Edward Brooks (January 10, 1831 – June 29, 1912) was an American educator and author of numerous textbooks.

==Biography==
Brooks was born in Stony Point, New York, in 1831. When fifteen years old he removed, with his father, to Sullivan County, New York, where he learned a trade, but occupied his leisure moments in study. At this time, he formed the habit of noting down and classifying important facts or thoughts, in which way he not only mastered the common-school branches, but many of the higher ones, becoming also expert in composition. His career as a teacher began with a singing-school held in a barn. He afterward taught a common school for six months, studied for one session in the normal institute at Liberty, New York, and then entered the University of Northern Pennsylvania, but was not graduated.
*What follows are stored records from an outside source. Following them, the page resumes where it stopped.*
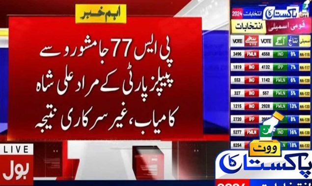 غیر سرکاری اور غیر حتمی نتائج کے مطابق پی ایس 77 جامشورو سے پاکستان پیپلزپارٹی کے مراد علی شاہ کامیاب قرار پائے ہیں۔ پی ایس 77 جامشورو 1کے تمام 169 پولنگ اسٹیشنز کے نتائج سامنے آگئے ہیں۔
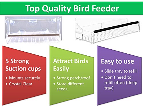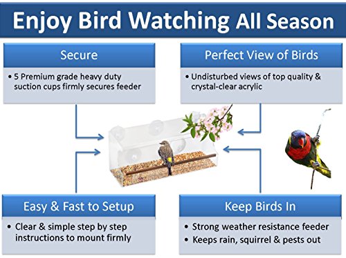 - SET IT ALL UP IN NO TIME: Installs and refills in seconds! 5 suction cups (more than our competitors) that secure the bird feeder even during in extreme weather. You don’t have to take it down often as you can add the bird seeds easily and leave it hanging. Multiple small drain holes to keep the seeds dry and fresh even during rain or snow. We also provide clear tips on how to clean and install properly to get the best results!
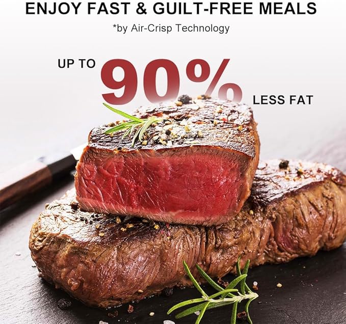 - HEALTHIEST WAY TO FRY: Advanced AIR-CRISP TECHNOLOGY removes up to 90% of fat, and allows airflow for a perfect golden finish and crispy, tender results every time! Now enjoy guilt-free food and all of the flavor.

He was teacher there in 1852–1853, taught mathematics in the Monticello, New York, academy, in 1854, and in 1855 accepted the professorship of mathematics in the State normal school at Millersville, Pennsylvania, of which he was principal from 1866 to 1886. Brooks was the author of a series of mathematical text-books (Philadelphia, 1858–77): Philosophy of Arithmetic (1876), Normal Methods of Teaching (Lancaster, Pa., 1879), Elocution and Reading (Philadelphia, 1882); and Mental Science and Culture (1883).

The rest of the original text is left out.